It follows a protracted legal battle that spilled onto the political field and caught the attention of Australia’s peak consumer and business watchdog.
In the end, General Motors did not increase its initial offer by $1.
Dealers who are yet to sign say they have not given up the fight with Detroit.
At least 120 of the 185 dealers – approximately two-thirds of the network – who operate 203 showrooms nationally agreed to the terms in the final hours of the deadline of 5pm 30 June, 2020, a statement from the Australian Holden Dealer Council has confirmed.
The deadline had been extended numerous times over several months after both parties couldn't agree on the initial offer which, in round numbers, was the equivalent of $1500 per new car sold over a set period of time, in addition to a contribution to showroom and facility upgrades.
Holden dealers in Australia received independent financial advice that calculated they were owed more than four times that amount, or the equivalent of $6100 per new car sold over a set period.
Holden dealers in New Zealand were offered the equivalent of $2500 per car sold over a set period. Holden said dealers in New Zealand were offered more money because they were more profitable than their counterparts in Australia which, the company estimated, lost on average $600 per car last year.
In the end, General Motors did not increase its initial offer of $1500 per car, which was made 10 days after Detroit announced on 17 February 2020 the Holden brand would be retired by the end of this year.
Throughout the months of negotiation, the US car giant repeatedly stated its initial compensation package was “fair and reasonable”.
The deal amounted to a payment of between $100,000 for smaller dealers and in excess of $3 million for larger showrooms, in addition to extra payments for outlets that had recently upgraded their facilities.
After intervention by the Australia Competition and Consumer Commission (ACCC), representatives for General Motors and Holden dealers were forced into two days of mediation, overseen by former High Court judge Mr Peter Jacobson QC. However, those discussions resulted in another stalemate.
The day before the deadline, General Motors issued a statement to dealers that said “there was some publicity over the weekend regarding a suggestion that GM Holden and the Australian Holden Dealer Council would seek to settle their current dispute via arbitration, and that the deadline for the acceptance of (compensation) would be extended beyond 30 June.”
However, General Motors said: “This is not the case. Arbitration was suggested by the Federal Government but GM Holden does not agree that an arbitration process would be appropriate or helpful. We have responded to the government accordingly. Dealers must now make a decision on whether you accept your (compensation package).”
CarAdvice understands one dealer out of 185 had agreed to the compensation offer more than a week ahead of the deadline.

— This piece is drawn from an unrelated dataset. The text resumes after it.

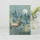 Cartão De Festividades Elk na Floresta com Lua Cheia e Neve Aquarela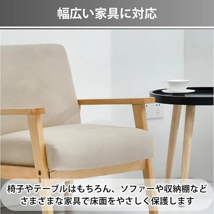 椅子やテーブルはもちろん、ソファーや収納棚などさまざまな家具で床面をやさしく保護します。

A statement from Australian Holden Dealer Council representative David Nicholson said “more than 120” dealers agreed to the compensation offer after “great reservation and reluctance”, and claimed the reminder who did not sign “will continue to take the fight to Detroit”.
Mr Nicholson said General Motors had “thumbed their nose at Canberra” by “refusing to negotiate in good faith, making a mockery of mediation and finally rejecting arbitration”.
The Holden dealer representative said “weak regulations, heavily favouring the multinational franchisor, have effectively allowed (General Motors) to walk away from their agreements leaving dealers with empty showrooms and millions (of dollars) in losses.”
“General Motors Holden’s exit sets a dangerous precedent,” said Mr Nicholson. “It’s time to make some changes, otherwise it might be your job or business next.”
The Australian Automotive Dealers Association (AADA) said General Motors "flat out refused" a Federal Government request to extend the deadline and to participate in arbitration.
“Over the past four months, 184 Holden Dealers have remained united in their opposition to the grossly inadequate offer of compensation from (General Motors)," said James Voortman, the CEO of the AADA which represents 3500 showrooms nationally across all brands.
“At every turn, (General Motors) has thumbed its nose at local dealers, the Australian Government, and by extension the Australian public, the same public which provided the company with more than $2 billion in taxpayer funded assistance,” said Mr Voortman.
“This has set a dangerous precedent and Australia urgently needs to strengthen its automotive franchising regulations to protect local businesses against the heavy-handed behaviour of some car manufacturers. If we do not act this will happen again.”
Mr Voortman said General Motors "had revenue of $USD200 billion in 2019, and the prospect of fighting them in court was just not an option for many of the dumped Holden dealers.”
The AADA said General Motors management “needs to front up to the Senate Inquiry and answer a range of questions, such as when they first knew that Holden would be withdrawn, why they mislead dealers and consumers about their commitment to Australia.”
Holden did not respond to media requests for comment on this story.
General Motors is now in the process of negotiating parts and service contracts across its dealer network, to support the remaining 1.6 million Holden cars on Australian roads.
The parts and service contracts are five-year agreements, however Holden says it will retain a presence in Australia for "at least" 10 years, with those contracts likely to be extended at a later date.